Von einem Büro aus der Zietenstraße will Ronny Graupner mit seinen zwei Geschäftspartnern  die Spielwelt erobern. „Ich habe mich bewusst für das „Kabinettstückchen Coworking Chemnitz“ entschieden. Der Coworking Space ist für mich als Start-up-Unternehmer bestens geeignet, um eine Firma aufzubauen, die Kosten gering zu halten und von hier aus zu agieren. Außerdem wohne ich gleich in der Nähe“, so seine Begründung.  

Warum war bzw. wurde Chemnitz ihr Unternehmensstandort?
Ich bin in der Stadt groß geworden, arbeite und lebe hier. Ich kann nichts Negatives über die Stadt sagen.

Ist die Stadt ein gutes Pflaster für eine Firmengründung?
Man kann hier ohne Probleme ein erfolgreiches Start-up gründen. Das haben einige in der Vergangenheit bewiesen. Das ist vielleicht schwieriger als in anderen Städten, aber ich habe bewusst hier mein Unternehmen gegründet und stehe zu Chemnitz. Alle, die an der Firma beteiligt sind, kommen aus Chemnitz und haben keinen Grund zu sagen, dass wir das woanders machen sollten.

Woher kommen deine Anfragen bzw. die Bestellungen?
Im Onlineshop können wir deutschlandweit Bestellungen verzeichnen, obwohl wir bisher wenig Werbung gemacht haben. Einige haben auch schon mehrfach bestellt und zu manchen konnte ein persönlicher Kontakt hergestellt werden – ein Kunde hat bereits zehn Matten und weitere fünf bestellt. Die Kinder dieser Familie besitzen eine Eisenbahn und einen Bauernhof und wollen die beiden Bereiche von Kinderzimmer zu Kinderzimmer verbinden.

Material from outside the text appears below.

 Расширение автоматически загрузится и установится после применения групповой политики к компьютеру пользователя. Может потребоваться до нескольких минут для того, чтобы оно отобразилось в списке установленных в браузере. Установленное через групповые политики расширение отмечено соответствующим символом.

Sind die Käufer überrascht, wenn sie hören, dass das Produkt aus Chemnitz kommt?
Die Kunden von außerhalb finden es super, dass so ein Produkt noch aus Deutschland kommt. Für Einheimische, die bei unseren Präsentationen im Einzelhandel oder auf Messen nach dem Herstellungsort fragen, ist die Antwort ein Kaufgrund. Wir hatten viele Eltern, die es toll finden, dass es sowas in Chemnitz gibt bzw. gemacht wird.

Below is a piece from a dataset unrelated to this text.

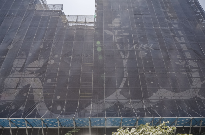 創作中の壁画。壁には足場が組まれ、シートで覆われている。 |

Dein Unternehmen ist doch geradezu prädestiniert für die Vox-Sendung „Höhle der Löwen“?
Wir wurden schon angefragt. Aber wir haben abgesagt.

Warum?
Weil wir damals einfach zu wenig Matten verkauft haben. Bei der Zahl 50 hätten sie uns ausgelacht. Zudem ist es ganz gut, das Unternehmen ein Jahr laufen zu lassen und dann eine Bilanz zu ziehen. Mit den konkreten Zahlen über ein Jahr könnte man eine solche Geschichte angehen.

Wo siehst du deine Firma im Jahr 2025?
Ich hoffe, dass ich in acht Jahren einen eigenen kleinen Playmatt-Store habe, in dem ich meine Produkte präsentieren und verkaufen kann. Ein Ziel ist auch, deutschlandweit im Einzelhandel präsent und vor allem bekannt zu sein. Das werden wir nicht in zwei oder in drei Jahren schaffen. Man sagt als Onlineshop braucht man drei bis fünf Jahre bis man etabliert ist und im Einzelhandel noch ein Stück länger. Aber das ist auch gewollt. Wenn wir nach acht Jahren ein gefestigtes Unternehmen haben, ist das Ziel ja erreicht.

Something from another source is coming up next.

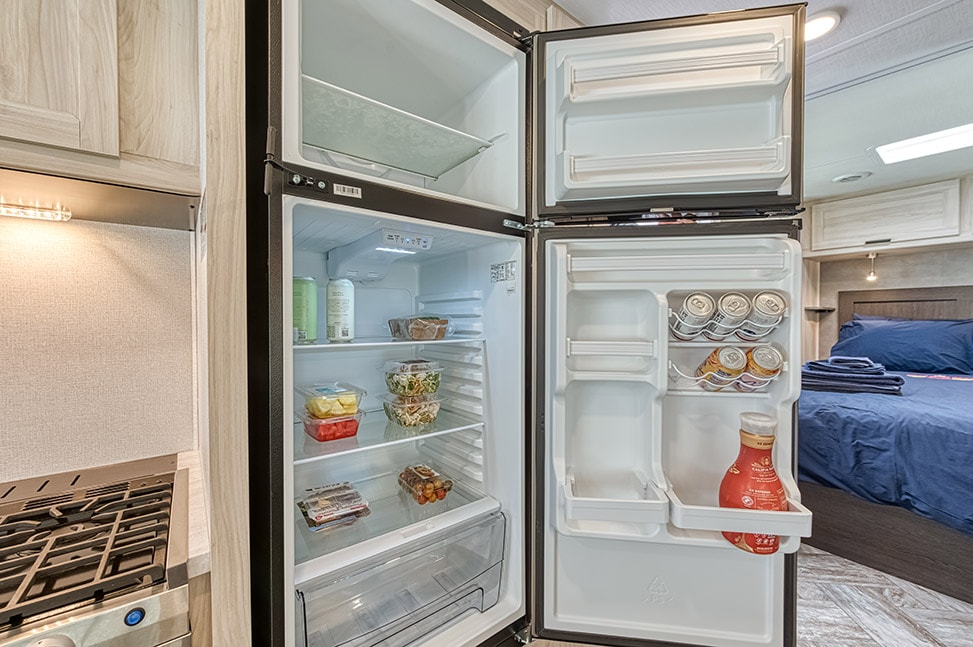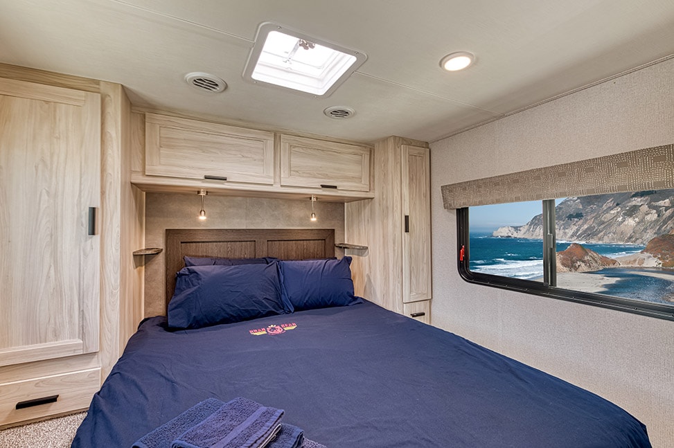 Family-friendly, the Road Bear RV Class C 29-31 foot Motor Home is great. The back bed is a queen, and there is a bed over the cab for kids. There is also a table bed and a sofa bed. This vacation rental is cosy and has everything you need for a great time. There is a toilet, sink, shower, toilet, stove, microwave, fridge, freezer, and hot water heater on board. The only question now is how long are you going to be gone?

Und wer weiß, wie man die Matten noch weiter entwickeln kann. Wir haben viele coole Ideen. Angefangen von den fluoreszierenden Farben, über Glitzereffekte, 3D-Effekte bis hin zu Kooperationen mit namhaften Spieleherstellern. Aktuell führen wir auch Gespräche, um in die Merchandise-Schiene bei bestimmten Kinderfilmen einzusteigen.